Williams Landing railway station is located on the Werribee line in Victoria, Australia. It serves the western Melbourne suburb of Williams Landing, and opened on 28 April 2013.

The Western standard gauge line passes to the north of Platform 1.

History
In 2008, the State Government announced the station in the Victorian Transport Plan. Construction was originally intended to commence during 2010, but eventually started in September 2011, with the station opening on 28 April 2013. Construction of the station required the slewing of the existing southern track to make room for the new island platform.

The cost of the station in 2011 was budgeted at $86 million for the station and $24 million for associated road works, including a road bridge over the line. The cost was criticised by the Public Transport Users Association as being too high.

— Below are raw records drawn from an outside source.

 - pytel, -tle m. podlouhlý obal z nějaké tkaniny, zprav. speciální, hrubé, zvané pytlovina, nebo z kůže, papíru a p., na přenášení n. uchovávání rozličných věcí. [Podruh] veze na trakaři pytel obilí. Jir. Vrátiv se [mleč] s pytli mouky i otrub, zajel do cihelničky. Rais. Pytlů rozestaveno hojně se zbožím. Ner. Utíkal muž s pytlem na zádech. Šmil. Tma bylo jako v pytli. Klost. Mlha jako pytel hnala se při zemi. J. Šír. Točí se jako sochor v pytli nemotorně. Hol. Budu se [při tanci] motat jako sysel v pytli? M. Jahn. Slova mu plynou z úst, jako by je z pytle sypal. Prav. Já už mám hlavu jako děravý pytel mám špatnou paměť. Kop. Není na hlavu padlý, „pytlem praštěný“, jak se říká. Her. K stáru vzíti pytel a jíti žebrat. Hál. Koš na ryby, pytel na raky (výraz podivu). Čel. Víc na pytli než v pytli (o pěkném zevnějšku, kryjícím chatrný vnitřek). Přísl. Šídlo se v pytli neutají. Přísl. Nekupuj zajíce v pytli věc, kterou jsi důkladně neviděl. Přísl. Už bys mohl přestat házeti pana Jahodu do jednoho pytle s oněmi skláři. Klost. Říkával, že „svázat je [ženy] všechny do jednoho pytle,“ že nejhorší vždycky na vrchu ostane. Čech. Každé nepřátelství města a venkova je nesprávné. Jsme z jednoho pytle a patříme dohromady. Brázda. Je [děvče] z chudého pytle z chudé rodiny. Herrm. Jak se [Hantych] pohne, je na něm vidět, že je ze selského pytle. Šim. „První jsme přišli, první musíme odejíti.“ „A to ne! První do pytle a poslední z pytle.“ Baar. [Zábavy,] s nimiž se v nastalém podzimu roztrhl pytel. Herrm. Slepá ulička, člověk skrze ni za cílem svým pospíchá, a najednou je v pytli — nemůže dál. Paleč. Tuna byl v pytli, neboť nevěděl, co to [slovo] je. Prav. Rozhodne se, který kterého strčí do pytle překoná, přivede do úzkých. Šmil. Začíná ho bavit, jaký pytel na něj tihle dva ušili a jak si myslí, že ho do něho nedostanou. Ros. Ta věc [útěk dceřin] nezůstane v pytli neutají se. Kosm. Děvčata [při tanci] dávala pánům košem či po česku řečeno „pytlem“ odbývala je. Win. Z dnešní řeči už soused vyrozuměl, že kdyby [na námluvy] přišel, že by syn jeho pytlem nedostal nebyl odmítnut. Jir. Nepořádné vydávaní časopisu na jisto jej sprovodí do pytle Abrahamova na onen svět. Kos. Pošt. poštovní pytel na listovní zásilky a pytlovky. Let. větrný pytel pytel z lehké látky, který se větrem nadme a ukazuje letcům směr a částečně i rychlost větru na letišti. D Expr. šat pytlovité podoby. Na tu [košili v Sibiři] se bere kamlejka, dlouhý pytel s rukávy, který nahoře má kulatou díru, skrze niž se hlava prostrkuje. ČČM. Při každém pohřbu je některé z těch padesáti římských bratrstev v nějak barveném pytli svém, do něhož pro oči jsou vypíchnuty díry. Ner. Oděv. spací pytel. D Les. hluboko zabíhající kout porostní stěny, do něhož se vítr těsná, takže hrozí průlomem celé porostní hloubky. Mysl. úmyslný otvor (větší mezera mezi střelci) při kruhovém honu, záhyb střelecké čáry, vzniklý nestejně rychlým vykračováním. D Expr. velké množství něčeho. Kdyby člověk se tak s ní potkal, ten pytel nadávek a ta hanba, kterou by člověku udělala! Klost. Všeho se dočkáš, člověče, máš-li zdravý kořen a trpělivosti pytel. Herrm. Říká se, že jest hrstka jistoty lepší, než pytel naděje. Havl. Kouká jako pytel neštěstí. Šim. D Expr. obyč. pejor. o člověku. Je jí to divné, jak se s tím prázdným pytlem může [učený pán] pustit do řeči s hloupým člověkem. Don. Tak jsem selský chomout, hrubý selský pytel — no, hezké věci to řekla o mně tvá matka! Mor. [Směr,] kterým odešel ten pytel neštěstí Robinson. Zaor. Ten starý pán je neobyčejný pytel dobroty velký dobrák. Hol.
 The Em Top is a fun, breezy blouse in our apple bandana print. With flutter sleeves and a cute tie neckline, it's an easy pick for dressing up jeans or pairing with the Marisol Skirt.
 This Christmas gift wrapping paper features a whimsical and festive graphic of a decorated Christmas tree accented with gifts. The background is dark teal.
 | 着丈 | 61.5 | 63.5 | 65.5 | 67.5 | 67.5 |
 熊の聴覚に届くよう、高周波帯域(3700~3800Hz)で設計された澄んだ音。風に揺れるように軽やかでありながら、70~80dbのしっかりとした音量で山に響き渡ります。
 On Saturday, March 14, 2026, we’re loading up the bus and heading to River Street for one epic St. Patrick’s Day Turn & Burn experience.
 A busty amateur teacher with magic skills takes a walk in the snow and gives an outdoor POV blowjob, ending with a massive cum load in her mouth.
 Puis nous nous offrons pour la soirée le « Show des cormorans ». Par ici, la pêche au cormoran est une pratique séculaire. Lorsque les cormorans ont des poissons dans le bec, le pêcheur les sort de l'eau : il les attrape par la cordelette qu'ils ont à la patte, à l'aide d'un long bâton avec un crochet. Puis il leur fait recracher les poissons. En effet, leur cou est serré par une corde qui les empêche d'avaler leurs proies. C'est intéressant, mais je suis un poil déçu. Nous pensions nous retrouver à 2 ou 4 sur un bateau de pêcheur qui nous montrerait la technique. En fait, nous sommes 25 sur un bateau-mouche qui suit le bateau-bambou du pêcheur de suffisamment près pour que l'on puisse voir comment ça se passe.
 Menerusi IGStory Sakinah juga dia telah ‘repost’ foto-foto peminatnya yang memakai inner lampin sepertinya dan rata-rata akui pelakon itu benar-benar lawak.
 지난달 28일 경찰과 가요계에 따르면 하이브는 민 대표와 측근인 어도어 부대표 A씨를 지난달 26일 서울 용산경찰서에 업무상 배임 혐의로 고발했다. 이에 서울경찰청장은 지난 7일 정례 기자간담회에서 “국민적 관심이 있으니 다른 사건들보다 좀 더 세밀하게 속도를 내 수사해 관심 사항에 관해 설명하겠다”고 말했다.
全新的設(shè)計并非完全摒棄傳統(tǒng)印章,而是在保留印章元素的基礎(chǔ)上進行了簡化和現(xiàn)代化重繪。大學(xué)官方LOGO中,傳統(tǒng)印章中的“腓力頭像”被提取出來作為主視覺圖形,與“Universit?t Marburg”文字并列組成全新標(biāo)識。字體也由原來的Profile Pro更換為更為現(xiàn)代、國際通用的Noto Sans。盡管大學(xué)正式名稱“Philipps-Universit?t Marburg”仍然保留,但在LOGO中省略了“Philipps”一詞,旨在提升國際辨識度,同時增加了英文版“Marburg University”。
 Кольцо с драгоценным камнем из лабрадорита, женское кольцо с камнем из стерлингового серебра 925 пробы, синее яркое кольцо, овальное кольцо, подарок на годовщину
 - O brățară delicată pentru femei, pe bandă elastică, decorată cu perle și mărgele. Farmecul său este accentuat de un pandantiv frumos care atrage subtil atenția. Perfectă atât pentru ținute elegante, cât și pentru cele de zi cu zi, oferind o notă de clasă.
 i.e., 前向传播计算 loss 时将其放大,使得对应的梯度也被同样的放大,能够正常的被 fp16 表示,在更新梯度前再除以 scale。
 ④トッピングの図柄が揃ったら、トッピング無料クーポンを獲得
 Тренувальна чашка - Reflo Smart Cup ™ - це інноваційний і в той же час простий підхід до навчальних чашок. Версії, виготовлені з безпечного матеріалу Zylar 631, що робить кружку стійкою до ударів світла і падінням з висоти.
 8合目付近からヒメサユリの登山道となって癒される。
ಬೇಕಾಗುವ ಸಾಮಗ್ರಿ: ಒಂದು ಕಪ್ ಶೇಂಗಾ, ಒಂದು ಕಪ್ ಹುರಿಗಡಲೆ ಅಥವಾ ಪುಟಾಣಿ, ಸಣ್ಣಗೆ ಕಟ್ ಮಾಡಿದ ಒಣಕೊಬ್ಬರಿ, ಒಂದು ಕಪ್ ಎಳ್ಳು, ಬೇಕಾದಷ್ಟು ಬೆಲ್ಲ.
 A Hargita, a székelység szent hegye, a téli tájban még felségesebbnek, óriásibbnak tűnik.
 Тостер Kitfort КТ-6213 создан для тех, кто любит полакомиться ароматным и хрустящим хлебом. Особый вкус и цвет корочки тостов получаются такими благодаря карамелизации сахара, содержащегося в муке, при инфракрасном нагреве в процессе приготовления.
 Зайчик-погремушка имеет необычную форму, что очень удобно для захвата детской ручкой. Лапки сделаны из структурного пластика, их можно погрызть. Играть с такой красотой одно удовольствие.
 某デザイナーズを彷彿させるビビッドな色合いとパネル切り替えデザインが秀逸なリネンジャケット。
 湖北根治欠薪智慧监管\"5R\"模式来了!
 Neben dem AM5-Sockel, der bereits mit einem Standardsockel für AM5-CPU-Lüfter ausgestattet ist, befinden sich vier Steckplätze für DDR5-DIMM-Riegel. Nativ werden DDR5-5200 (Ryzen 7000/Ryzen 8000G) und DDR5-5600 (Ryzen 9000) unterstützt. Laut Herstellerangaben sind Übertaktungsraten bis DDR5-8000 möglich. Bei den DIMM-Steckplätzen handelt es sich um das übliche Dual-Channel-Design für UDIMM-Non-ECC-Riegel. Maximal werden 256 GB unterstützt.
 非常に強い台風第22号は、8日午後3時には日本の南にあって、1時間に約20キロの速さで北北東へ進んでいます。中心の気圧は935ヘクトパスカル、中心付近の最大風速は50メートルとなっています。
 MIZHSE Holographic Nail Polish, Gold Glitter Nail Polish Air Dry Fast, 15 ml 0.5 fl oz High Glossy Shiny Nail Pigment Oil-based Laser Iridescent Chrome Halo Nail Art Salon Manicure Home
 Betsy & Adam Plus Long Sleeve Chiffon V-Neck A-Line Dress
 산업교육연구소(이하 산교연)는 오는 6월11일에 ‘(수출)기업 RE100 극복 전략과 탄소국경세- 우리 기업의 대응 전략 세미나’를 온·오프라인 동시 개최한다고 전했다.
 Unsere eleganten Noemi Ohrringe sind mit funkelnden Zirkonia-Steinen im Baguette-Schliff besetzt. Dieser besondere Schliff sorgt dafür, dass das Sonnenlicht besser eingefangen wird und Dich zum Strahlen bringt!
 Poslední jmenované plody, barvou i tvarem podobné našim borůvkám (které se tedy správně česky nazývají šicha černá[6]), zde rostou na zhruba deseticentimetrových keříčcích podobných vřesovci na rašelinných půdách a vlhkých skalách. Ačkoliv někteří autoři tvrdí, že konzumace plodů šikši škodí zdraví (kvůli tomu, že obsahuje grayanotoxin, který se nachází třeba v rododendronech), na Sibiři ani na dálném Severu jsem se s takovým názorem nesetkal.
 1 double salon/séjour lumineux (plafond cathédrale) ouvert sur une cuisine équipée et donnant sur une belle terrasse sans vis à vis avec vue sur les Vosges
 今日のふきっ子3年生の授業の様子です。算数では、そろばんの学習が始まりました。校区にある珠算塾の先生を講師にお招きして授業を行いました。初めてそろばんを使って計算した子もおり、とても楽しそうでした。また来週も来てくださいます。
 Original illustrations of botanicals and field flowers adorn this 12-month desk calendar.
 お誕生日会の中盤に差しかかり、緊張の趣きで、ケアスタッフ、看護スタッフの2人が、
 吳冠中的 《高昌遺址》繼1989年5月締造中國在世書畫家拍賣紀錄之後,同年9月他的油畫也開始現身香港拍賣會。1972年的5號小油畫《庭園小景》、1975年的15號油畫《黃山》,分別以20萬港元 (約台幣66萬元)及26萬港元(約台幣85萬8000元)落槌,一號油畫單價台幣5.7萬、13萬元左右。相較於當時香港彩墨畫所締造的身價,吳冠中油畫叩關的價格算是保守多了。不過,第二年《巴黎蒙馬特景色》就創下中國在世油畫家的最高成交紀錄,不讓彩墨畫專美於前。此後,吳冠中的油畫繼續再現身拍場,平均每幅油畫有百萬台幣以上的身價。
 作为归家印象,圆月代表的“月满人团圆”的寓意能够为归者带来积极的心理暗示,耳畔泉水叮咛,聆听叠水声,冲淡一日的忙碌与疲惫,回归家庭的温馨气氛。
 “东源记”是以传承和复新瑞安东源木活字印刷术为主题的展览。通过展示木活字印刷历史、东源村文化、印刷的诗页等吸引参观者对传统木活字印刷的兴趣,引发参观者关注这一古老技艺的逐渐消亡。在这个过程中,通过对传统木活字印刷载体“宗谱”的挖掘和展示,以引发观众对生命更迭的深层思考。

Like the suburb itself, the station was named after the nearby RAAF Williams base, itself named after Sir Richard Williams, an RAAF Chief of Air Force, and the Director General of Civil Aviation between 1946-1955.

Platforms and services
Williams Landing has one island platform with two faces. It is served by Werribee line trains.

Platform 1:
  all stations and limited express services to Flinders Street and Frankston

Platform 2:
  all stations services to Werribee

Transport links
CDC Melbourne operates seven routes to and from Williams Landing station, under contract to Public Transport Victoria:
 : to Tarneit station
 : to Tarneit station
 : to Tarneit station
 : to Werribee station
 : to Point Cook South
 : to Point Cook South
 : to Saltwater Coast Estate (Point Cook)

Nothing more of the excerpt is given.